V. Maintenance of the Index
As mentioned above, some inappropriate indexes affect the performance of SQL Server, as the application system runs, the data changes constantly, and when the data change reaches a certain degree, it will affect the use of the index. This requires the user to maintain the index himself. The maintenance of the index includes:
1. Rebuilding index
As data rows are inserted, deleted, and data pages are split, some index pages may contain only a few pages of data, while in addition to performing bulk I/O, rebuilding nonclustered indexes can reduce fragmentation and maintain the efficiency of large I/O. Rebuilding an index is actually a re-organizing B-tree space. You need to rebuild the index in the following situations:
(1), data and usage patterns vary greatly.

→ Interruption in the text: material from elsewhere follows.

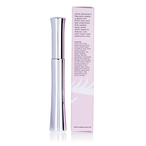 Our Infinit Dimension Mascara is perfect for your natural or extended lashes (single, cluster, or strip eyelashes) giving your eyes the extra POP they crave! The oil free formula is safe for contact lens wearers and suitable for sensitive eyes. For application on eyelash extensions apply the mascara to the tips of your extended lashes to give them a full glossy finish or just to the outer edges for a flared look. For application on natural lashes sweep the brush from the base to the tip of your lashes to create a bold, dramatic look. Our mascara will stay put throughout the day until rinsed away with diluted soapy water or makeup remover. The brush design allows the mascara to applied evenly and clump free while lengthening and adding dimension to your lashes!Feature

(2), the order of the ordering has changed.
(3), to do a large number of inserts or has been completed.
(4) More disk reads than expected for queries that use large chunks of I/O.
(5), due to a large number of data modification, so that the data pages and index pages are not fully used, resulting in the use of space beyond the estimate.
(6) There was a problem with DBCC checking out indexes.
When a clustered index is rebuilt, all nonclustered indexes for this table are rebuilt.
2. Update of index statistic information
When you create an index on a table that contains data, SQL Server creates a distributed data page that holds two statistics about the index: the distribution table and the density table. The optimizer uses this page to determine whether the index is useful for a particular query. But this statistic is not dynamically recalculated. This means that when the data for a table changes, the statistics are likely to be outdated, which affects the optimizer's pursuit of the most promising goals. Therefore, you should run the UPDATE STATISTICS command in the following situations:
(1), the insertion and deletion of data rows modify the distribution of the data.
(2) Adding data rows to a table that deletes data with TRUNCATE table.
(3), modify the value of the indexed column.
Vi. concluding remarks
The practice shows that improper indexing not only does not help, but reduces the performance of the system. Because a large number of indexes cost more system time than no indexes when inserting, modifying, and deleting operations. For example, an index established under the following conditions is not appropriate:
1. Columns that are rarely or never referenced in a query do not benefit from the index, because the indexes have little or no need to search for rows based on those columns.
2. Columns with only two or three values, such as men and women (yes or no), never benefit from the index.
In addition, because the index accelerates the query speed, it slows down the speed of data update. You can create a nonclustered index on another segment by building a table on a single segment, which improves operational performance on separate physical devices.